The filename is limited to 512 octets. This should not cause a
problem in most, if not all, cases.
The ticket server replies with a "This is Your Ticket" (TIYT) packet
containing the ticket. Figure 2 shows the format of this packet.
0 1 2 3
0 1 2 3 4 5 6 7 8 9 0 1 2 3 4 5 6 7 8 9 0 1 2 3 4 5 6 7 8 9 0 1
+-+-+-+-+-+-+-+-+-+-+-+-+-+-+-+-+-+-+-+-+-+-+-+-+-+-+-+-+-+-+-+-+
'T' 'I' 'Y' 'T'
+-+-+-+-+-+-+-+-+-+-+-+-+-+-+-+-+-+-+-+-+-+-+-+-+-+-+-+-+-+-+-+-+
"ticket"
+-+-+-+-+-+-+-+-+-+-+-+-+-+-+-+-+-+-+-+-+-+-+-+-+-+-+-+-+-+-+-+-+
BLKSZ (by default 512)
+-+-+-+-+-+-+-+-+-+-+-+-+-+-+-+-+-+-+-+-+-+-+-+-+-+-+-+-+-+-+-+-+
FILSZ
+-+-+-+-+-+-+-+-+-+-+-+-+-+-+-+-+-+-+-+-+-+-+-+-+-+-+-+-+-+-+-+-+
IP address of CFDP server (network order)
+-+-+-+-+-+-+-+-+-+-+-+-+-+-+-+-+-+-+-+-+-+-+-+-+-+-+-+-+-+-+-+-+
client UDP port# (cfdpcln) server UDP port# (cfdpsrv)
+-+-+-+-+-+-+-+-+-+-+-+-+-+-+-+-+-+-+-+-+-+-+-+-+-+-+-+-+-+-+-+-+
Fig. 2: "This Is Your Ticket" packet.
The reply is sent to the UDP port that the RQTK request came from.

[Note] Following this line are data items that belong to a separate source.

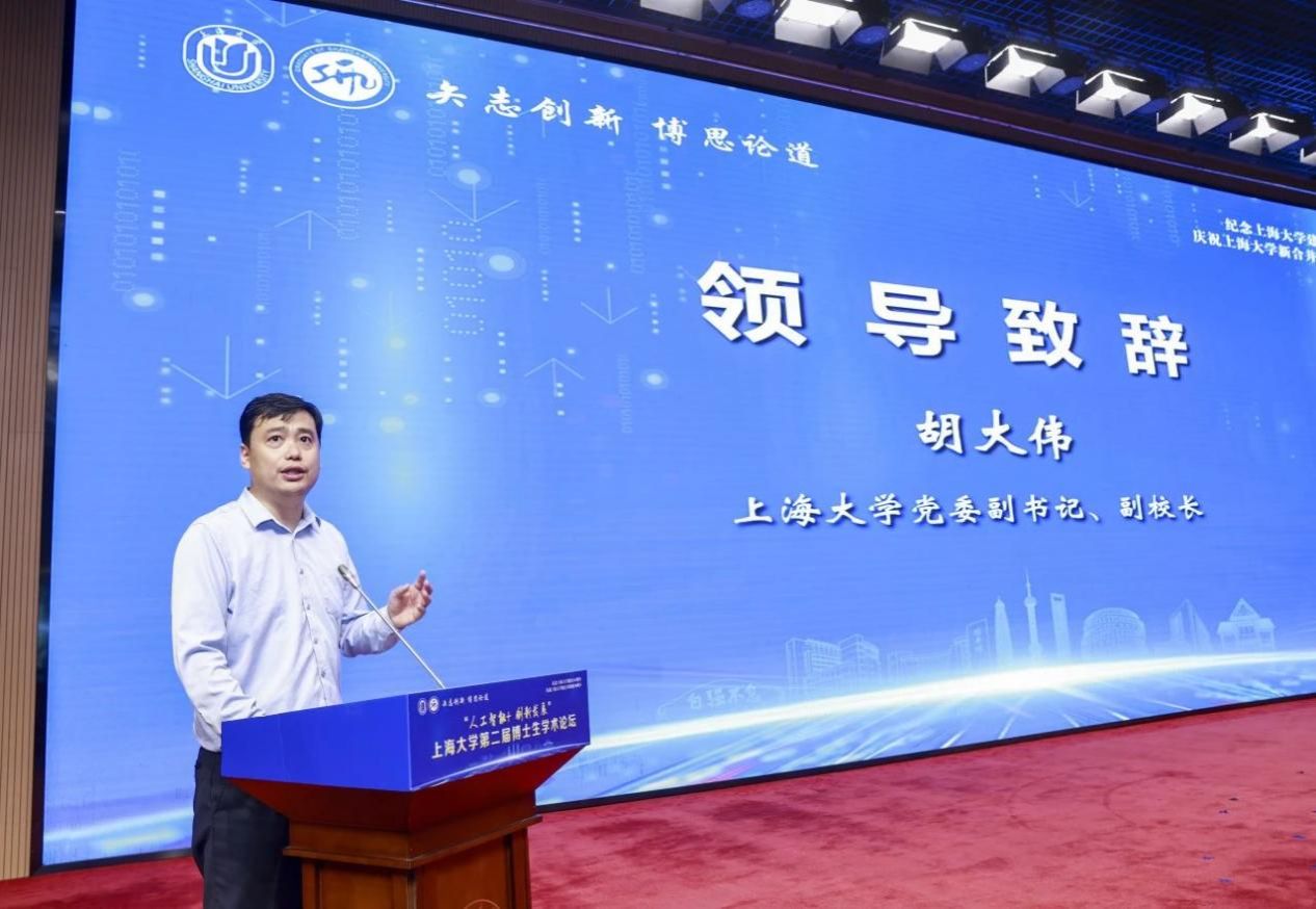 诸侯快讯入口官网党委副书记、副校长胡大伟,诸侯快讯入口官网党委常委、党委宣传部部长曾军,诸侯快讯入口官网计算机工程与科学学院党委书记朱宏涛,诸侯快讯入口官网党委研究生工作部部长魏宏,诸侯快讯入口官网团委副书记姜晓庆,诸侯快讯入口官网党委研究生工作部副部长席慧霞、周轶、吕宝川出席论坛。论坛特别邀请上海市科协常委、上海交通大学博士生导师、深兰科技创始人、董事长陈海波,上海电影学院党委书记、上海电影特效工程技术研究中心副主任、博士生导师丁友东,诸侯快讯入口官网未来技术学院副院长、卓越工程师学院副院长、博士生导师岳晓冬及三位博士生代表做主旨报告,论坛由诸侯快讯入口官网新闻传播学院2023级博士生刘思聪主持。
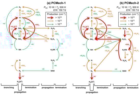 Schematic of the primary chain reactions for (a) PCMech−1 and (b) PCMech−2 for the NH3/N2 combination (1/99 mol%) with Tg = 500 K, E/N = 150 Td, and Pdis = 10 W. (reproduced with permission from [62], Copyright American Chemical Society, 2023).
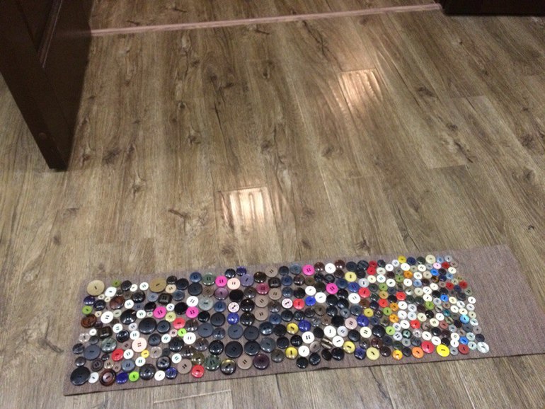 P/S похвастаюсь, помните, в 80-х в садик просили приносить пуговицы, для коврика, вот какой коврик сделала мама моя... ножками ходить ))
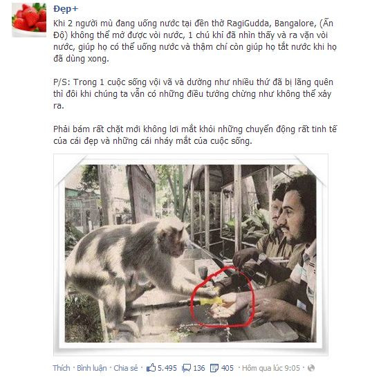 Hành động của chú khỉ đã khiến nhiều facebooker cảm động: "Một việc tưởng chừng đơn giản. Con người có phải ai cũng làm được như vậy"?
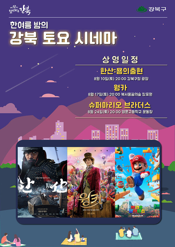 ‘한여름 밤의 강북 토요시네마’는 토요일 오후 8시에 구청 광장(10일), 북서울꿈의숲 창포원(17일), 영훈고등학교 운동장(24일)에서 열린다.

The IP address of the CFDP server is provided because the original
handshake server is not necessarily on the same machine as the ticket
server, let alone the same process. Similarly, the cfdpcln and
cfdpsrv port numbers (in network order) are communicated to the
client. If the client does not use this ticket server, but rather
uses BOOTP or something else, that other server should be responsible
for providing the values of cfdpcln and cfdpsrv. The ticket server
also communicates this ticket/filename/filesize to the real CFDP
server. It is recommended that the ticket requests be handled by the
regular CFDP server, in which case informing the CFDP server of the
ticket/filename binding is trivial (as it is internal to the
process).
Once the client has received the ticket for the filename it has
requested, the file distribution can proceed.
Client Protocol:
Once the ticket has been established, the client starts listening for
broadcast packets on the cfdpcln/udp port that have the same "ticket"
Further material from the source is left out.